Could wind companies rush parts across US border to beat Trump tariffs?
US President reached last-minute deals to delay imposing 25% tariffs on Canada and Mexico but threat looms large over wind industry
Wind power companies might choose to rush components across the US border in the next month to beat tariffs Donald Trump has threatened against Canada and Mexico that will push up prices across the sector, say analysts.
Trump pledged to slap 25% tariffs on Canada and Mexico and raise tariffs a further 10% on China – the three closest trading partners of the US – during his election campaign and in the run-up to his inauguration as US president last month.
The White House announced last weekend that the tariffs were being implemented. However, Trump struck last-minute deals with his Canadian and Mexican counterparts, Justin Trudeau and Claudia Sheinbaum, agreeing to a 30-day reprieve.

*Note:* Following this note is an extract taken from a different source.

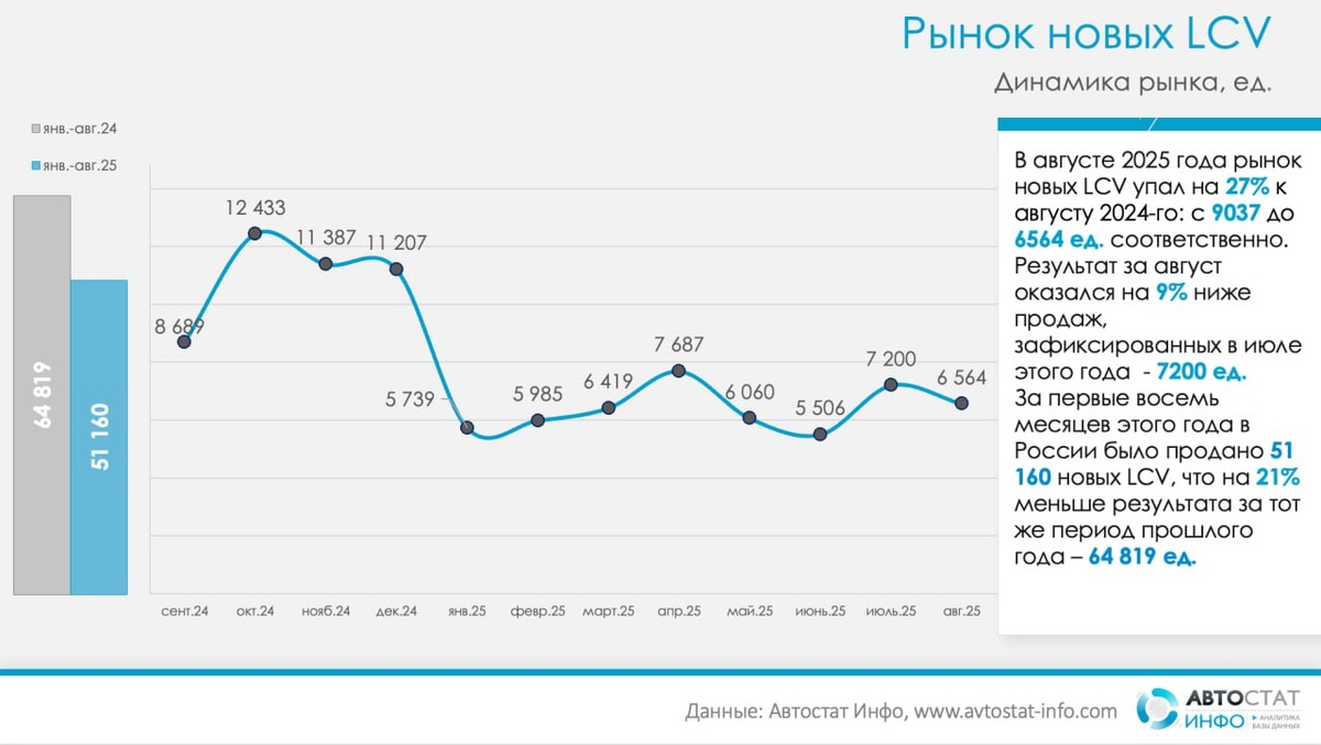 LCV в августе: минус 27% к 2024 году, но Largus становится главным драйвером По данным «Автостат Инфо», рынок новых LCV в августе 2025 года зафиксировал 6 564 регистрации, что на 27% ниже уровня августа 2024-го (9 037 ед.) и на 9% меньше июля 2025-го (7 200 ед.). За январь–август продано 51 160 машин — на 21% меньше, чем за тот же период прошлого года (64 819 ед.). При этом текущий результат остается выше январского «дна» 2025-го (5 739–5 985 ед. в январе–феврале), но заметно слабее осенних пиков 2024 года. В брендовом раскладе август сохранил доминирование ГАЗа при стремительном усилении Lada. ГАЗ реализовал 3 194 автомобиля и занял около 48,7% рынка августа (год назад 4 700 ед.; −32% год к году). Lada продала 1 302 ед. и довела долю до 19,8% (в августе 2024-го было 884 машин; +47%), став главным противовесом падению. Далее следуют УАЗ — 729 ед. и 11,1% доли (−48% год к году) и Sollers — 628 ед. и 9,6% (−47%). Из нишевых игроков в плюсе Foton — 176 ед. и 2,7% (+151% год к году) и Me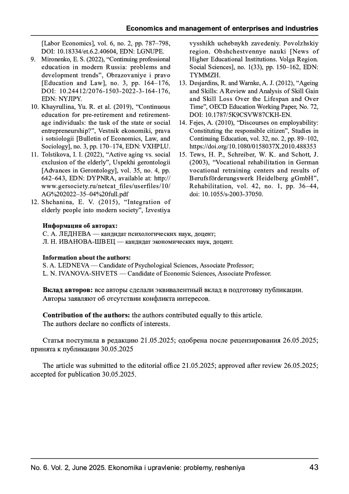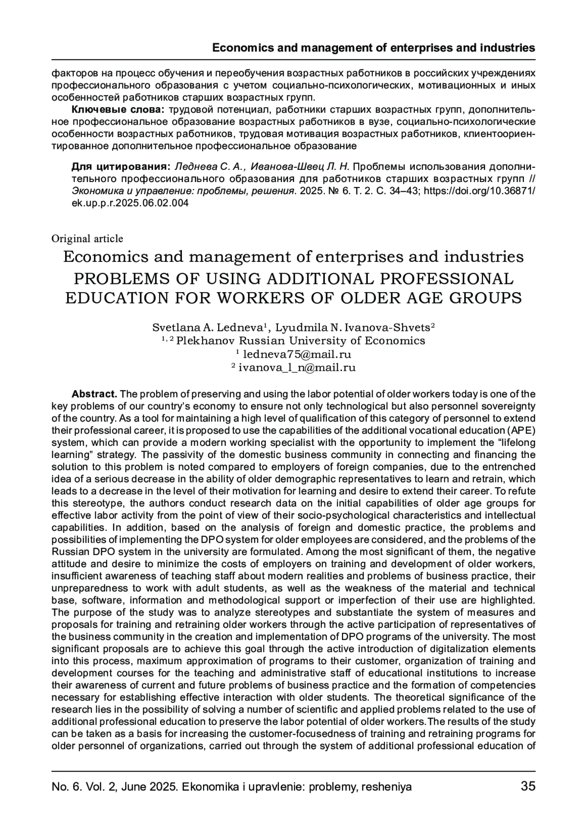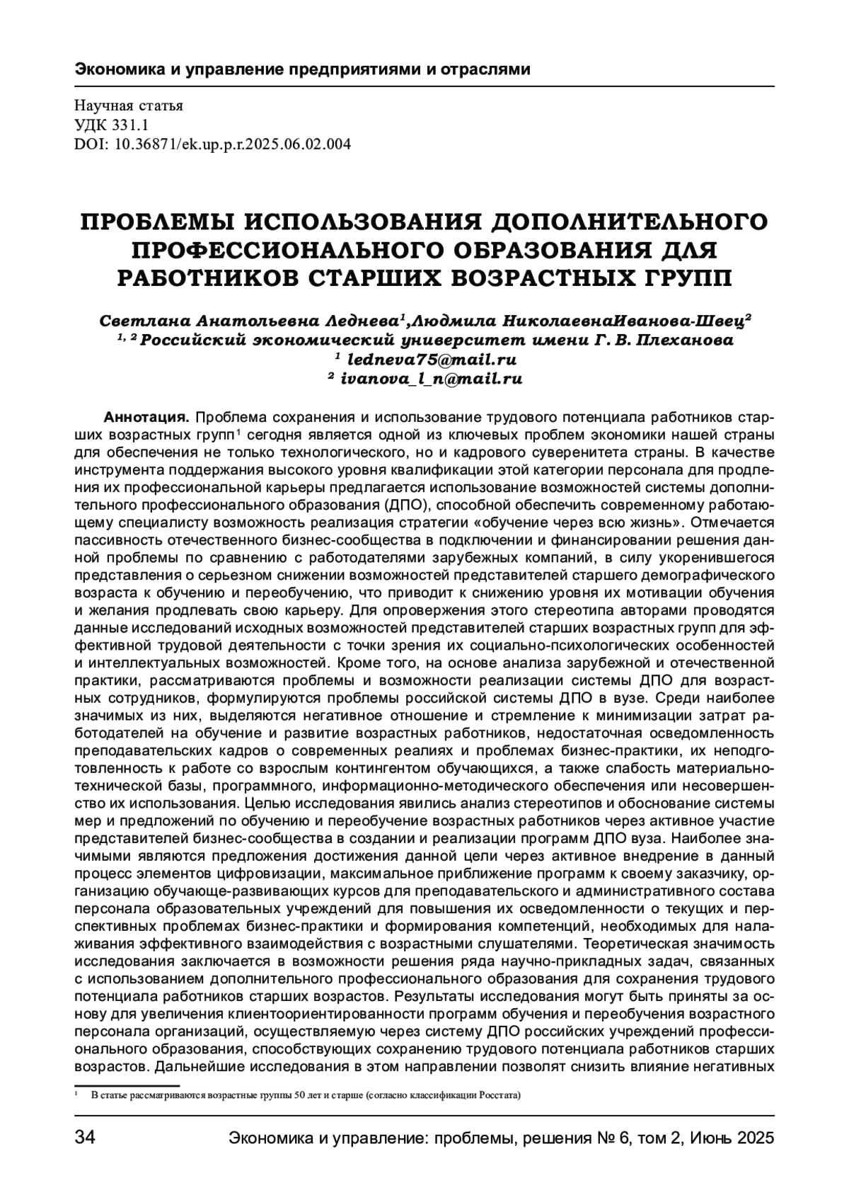 ЛЕДНЕВА С. А., ИВАНОВА-ШВЕЦ Л. Н. ПРОБЛЕМЫ ИСПОЛЬЗОВАНИЯ ДОПОЛНИТЕЛЬНОГО ПРОФЕССИОНАЛЬНОГО ОБРАЗОВАНИЯ ДЛЯ РАБОТНИКОВ СТАРШИХ ВОЗРАСТНЫХ ГРУПП // ЭКОНОМИКА И УПРАВЛЕНИЕ: ПРОБЛЕМЫ, РЕШЕНИЯ. 2025. ТОМ 2 № 6

China was not so lucky, with a 10% bump to existing US tariffs coming into effect. Trump has said he will also “definitely” enact tariffs on the EU, which has threatened countermeasures, as he ramps up his nationalist and protectionist political agenda.
A trade war between the US and its closest trading partners will have wide-ranging impacts on the wind industry, particularly the rollout of wind power in the US, which Trump is in any case staunchly opposed to.
As there are no major offshore wind component manufacturing facilities in the US yet, he said the sector “still depends heavily” on the established European supply chain.
The onshore segment is “more protected,” with “significant onshore turbine manufacturing capacity in the US, although not enough to cover the country's demand.”
Manufacturers still import a “significant number” of major components like blades, he said, not least from Mexico and Canada.
The cost of capital for new power projects in 2024 fell to levels last seen in 2022, said BNEF, which said the outlook for financing power projects should improve modestly in 2025 as central banks cut rates. “This will have an outsized benefit on Capex-intensive renewables and storage projects.”
It warned however that “rising protectionism in the form of import tariffs has the potential to reverse recent cost declines,” alluding to Trump’s actions since taking office.
Endri Lico, principal analyst of Wind Supply Chain & Technology at Wood Mackenzie, said that protectionist policies, especially tariffs, typically drive up project Capex as they reduce supply chain flexibility.
“It remains to be seen when and if these tariffs will be effective and also which onshore projects will be impacted, as wind turbine OEMs may push for higher exports in the remaining 30 days and store equipment, at least for the projects that they need to deliver this year."